YOUR OBJECTIVE:
Please repeat the whole listing exactly, but leave the pictures out.

THE DATA:

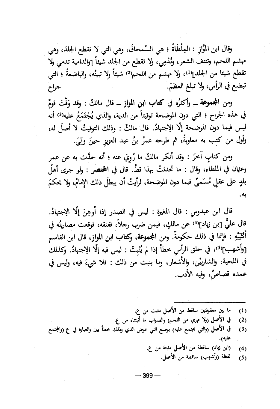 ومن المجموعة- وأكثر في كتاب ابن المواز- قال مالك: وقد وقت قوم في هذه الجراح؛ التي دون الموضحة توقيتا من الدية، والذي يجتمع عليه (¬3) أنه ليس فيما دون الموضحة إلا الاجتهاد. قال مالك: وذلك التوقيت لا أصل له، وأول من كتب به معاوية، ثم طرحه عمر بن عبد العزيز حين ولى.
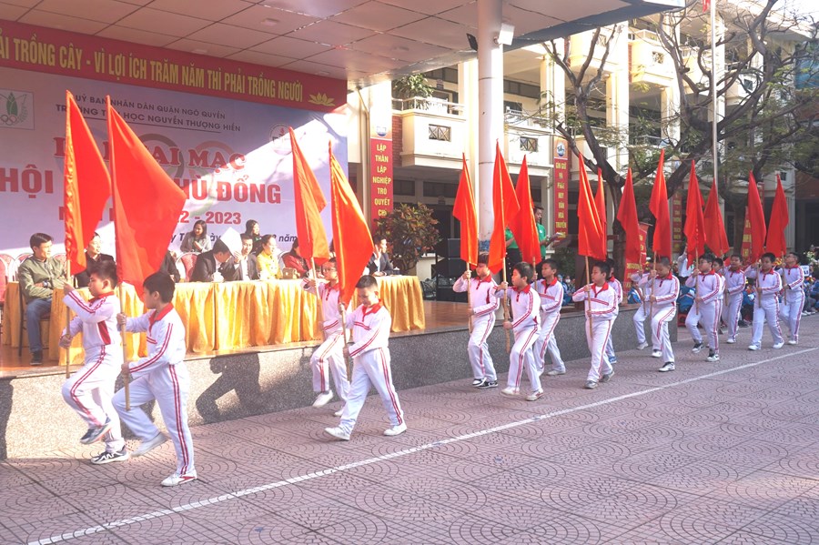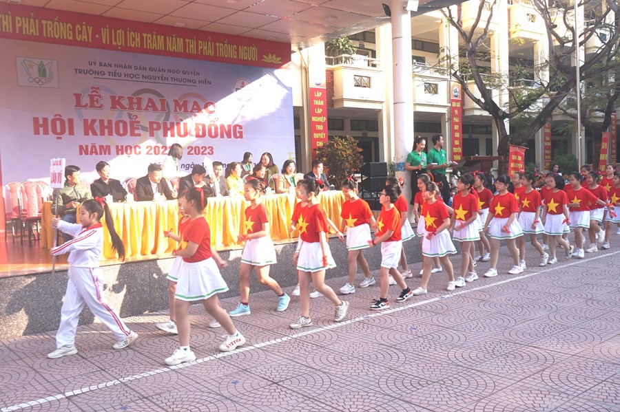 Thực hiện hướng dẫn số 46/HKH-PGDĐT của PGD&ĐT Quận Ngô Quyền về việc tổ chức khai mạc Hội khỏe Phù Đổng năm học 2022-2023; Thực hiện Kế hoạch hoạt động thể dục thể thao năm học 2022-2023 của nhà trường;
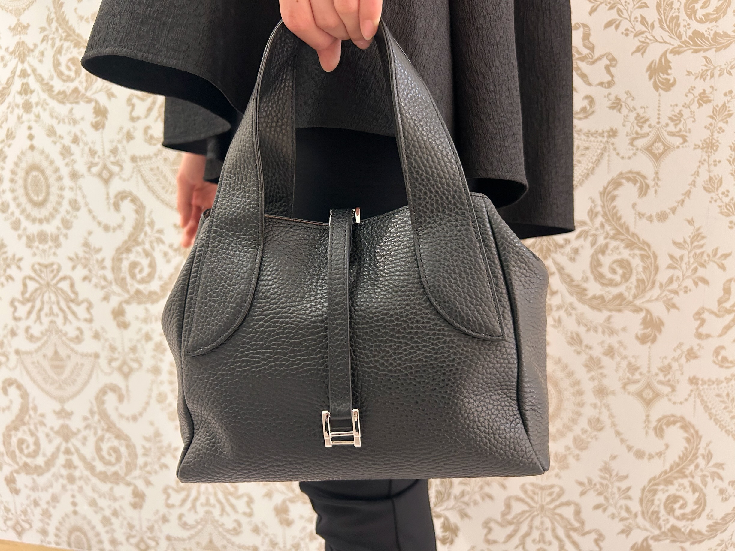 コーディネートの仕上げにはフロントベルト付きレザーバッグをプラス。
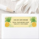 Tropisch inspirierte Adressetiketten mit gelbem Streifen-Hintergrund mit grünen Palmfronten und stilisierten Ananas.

TASK RESULT:
 ومن المجموعة- وأكثر في كتاب ابن المواز- قال مالك: وقد وقت قوم في هذه الجراح؛ التي دون الموضحة توقيتا من الدية، والذي يجتمع عليه (¬3) أنه ليس فيما دون الموضحة إلا الاجتهاد. قال مالك: وذلك التوقيت لا أصل له، وأول من كتب به معاوية، ثم طرحه عمر بن عبد العزيز حين ولى.
 Thực hiện hướng dẫn số 46/HKH-PGDĐT của PGD&ĐT Quận Ngô Quyền về việc tổ chức khai mạc Hội khỏe Phù Đổng năm học 2022-2023; Thực hiện Kế hoạch hoạt động thể dục thể thao năm học 2022-2023 của nhà trường;
 コーディネートの仕上げにはフロントベルト付きレザーバッグをプラス。
 Tropisch inspirierte Adressetiketten mit gelbem Streifen-Hintergrund mit grünen Palmfronten und stilisierten Ananas.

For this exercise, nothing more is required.